Definition and Overview

A new patient exam refers to the initial examination a patient undergoes during his first visit to a doctor. It is beneficial for any new patient with health concerns. The purpose of the visit is to address any health problem or determine the causes of symptoms that the patient is experiencing. The exam involves an in-depth check of the patient’s medical history, comprehensive exams on specific parts of the body where the symptoms originate from, as well as x-rays and other imaging scans. This exam can help detect any diseases that the patient may have.

Who Should Undergo and Expected Results

A new patient exam is an important step for any patient who is experiencing unexplained symptoms or suffering from undiagnosed health problems, provided that these are not urgent or life-threatening.
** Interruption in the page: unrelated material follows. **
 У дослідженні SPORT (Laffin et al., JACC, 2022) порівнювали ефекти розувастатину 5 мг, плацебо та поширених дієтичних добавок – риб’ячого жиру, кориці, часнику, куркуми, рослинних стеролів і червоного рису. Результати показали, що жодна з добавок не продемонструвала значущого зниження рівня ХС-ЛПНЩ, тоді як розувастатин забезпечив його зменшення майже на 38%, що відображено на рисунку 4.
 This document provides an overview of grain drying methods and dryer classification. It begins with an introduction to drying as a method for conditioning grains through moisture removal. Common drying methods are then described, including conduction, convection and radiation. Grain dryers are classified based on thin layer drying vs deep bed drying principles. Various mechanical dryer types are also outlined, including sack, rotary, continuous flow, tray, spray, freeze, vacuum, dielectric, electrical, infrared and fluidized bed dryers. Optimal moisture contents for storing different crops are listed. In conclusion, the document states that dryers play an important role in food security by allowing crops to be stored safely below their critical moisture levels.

The exam is performed by any medical professional, such as a general practitioner, a family doctor, an internist, or even a dentist.
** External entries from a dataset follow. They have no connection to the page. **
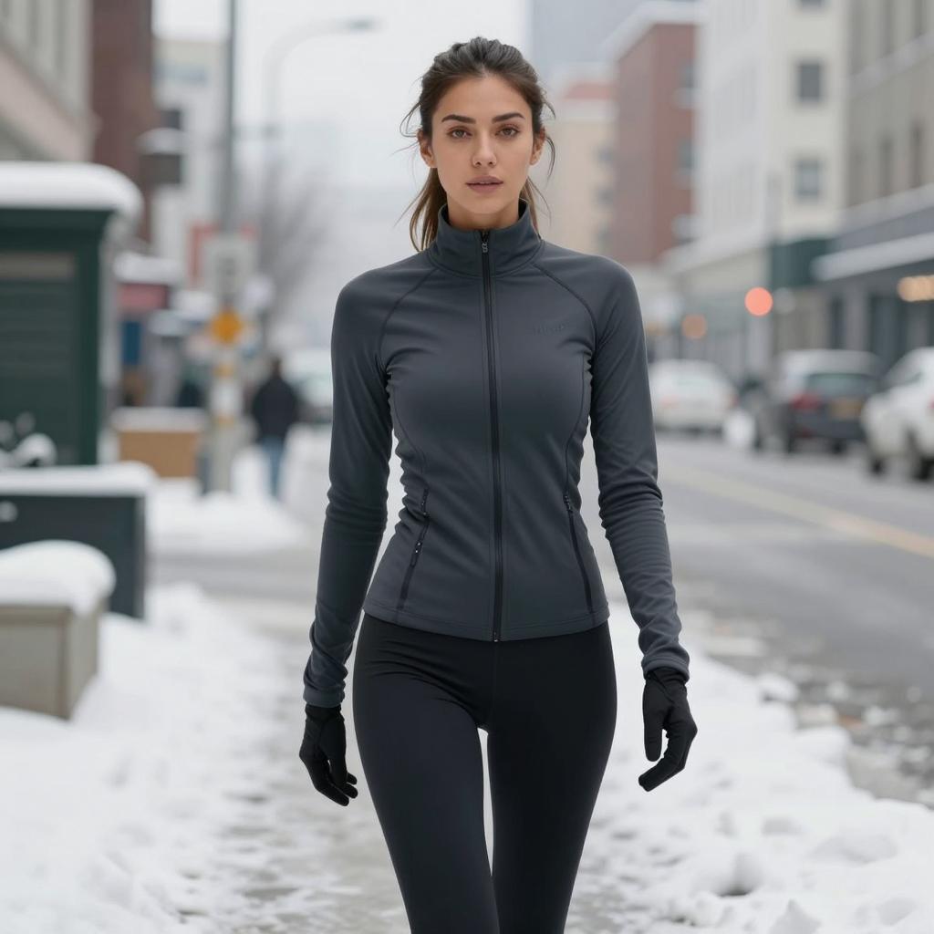 A fit woman dressed in sleek, dark activewear walks confidently on a snowy urban sidewalk, showcasing modern winter athletic apparel. The image captures a focused, determined expression and the practicality of cold-weather workout gear in a city environment.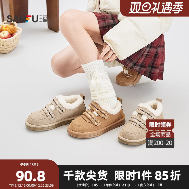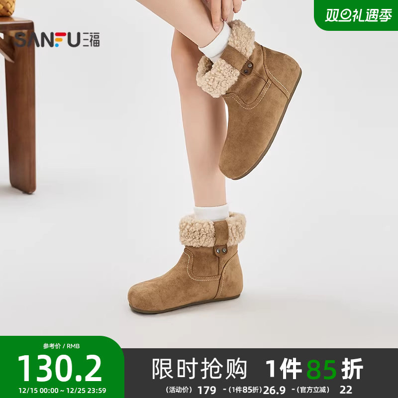 三福女毛毛鞋冬季复古毛绒短靴时尚保暖薄底雪地靴女鞋850078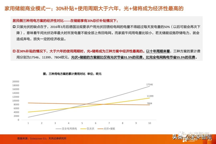 在30% 补贴的情况下,大于六年的使用周期时,光+ 储将成为三种方案中经济性最高的。以十年周期来看,三种方案的累计费用分别为17546、11399、7804欧元, 光伏+ 储能的方案能比仅有光伏节省31.5% 的花费,比完全电网购电节省55.5% 的花费。

For urgent concerns, the patient’s first visit should be directly to the emergency room, which is staffed by medical professionals who are trained to handle life-threatening conditions.

The goals of this visit are:

  • To assess the patient’s current health status
  • To detect and diagnose any existing health problems
  • To address any symptoms that causes some trouble for the patient
  • To develop a treatment plan, if necessary
    The treatment plan will explain the findings of the exam in complete detail, including the doctor’s treatment recommendations and the potential consequences of not seeking treatment.

How Does the Procedure Work?

Medical Exam

To achieve the goals of a new patient exam, the visit is consists of:

  • Comprehensive review of medical history
  • Height and weight measurement
  • Blood pressure reading
  • Cholesterol and glucose level testing
  • Physical examination of the eyes, ears, neck area (for throat and lymph nodes), chest area (for the heart and lungs), and abdominal organs
  • Blood work and lab tests (some doctors may be able to perform these tests on their own and in the same clinic, but some may ask the patient to go to a separate laboratory with a request slip.)
  • X-rays
  • Other imaging scans
  • Special screenings, such as cardiac or cancer screening, possibly upon the patient’s request or based on the doctor’s opinion especially when the patient is at risk of certain diseases
    Depending on their age, symptoms, and risk factors, male patients may require a number of special tests, such as:

  • Testicular exam for testicular cancer

  • Rectal exam for prostate cancer
    Such in-depth examination of various aspects of patient’s health gives the doctor, who is seeing the patient for the first time, all the information he will need to ensure patient’s health and well-being. The average healthy person is advised to undergo a physical examination at least once a year. This annual checkup is a vital part of health care as it ensures that any disease or health problem is detected and resolved at the soonest possible time, regardless of whether they are symptomatic or not.

Dental Exam

A similar initial exam is also conducted when a patient visits a dentist for the first time. However, this involves different set of routine tests and examinations, which typically include the following:

  • Taking photos of the patient’s external facial features and smile
  • Comprehensive dental x-ray including full-mouth and panoramic x-rays
  • Intra-oral pictures
  • Soft tissue exam (also considered as screening for oral cancer)
  • Physical examination of the teeth
  • Periodontal screening (or physical examination of the gums)
  • Physical examination of jaw joints and muscles
    For dental checkups, the recommended frequency of visits to the dentist is at least once every six months. Just like medical checkups, dental checkups also help detect early signs of problems such as tooth decay, and allow dentists to treat problems when they are still at a more manageable stage.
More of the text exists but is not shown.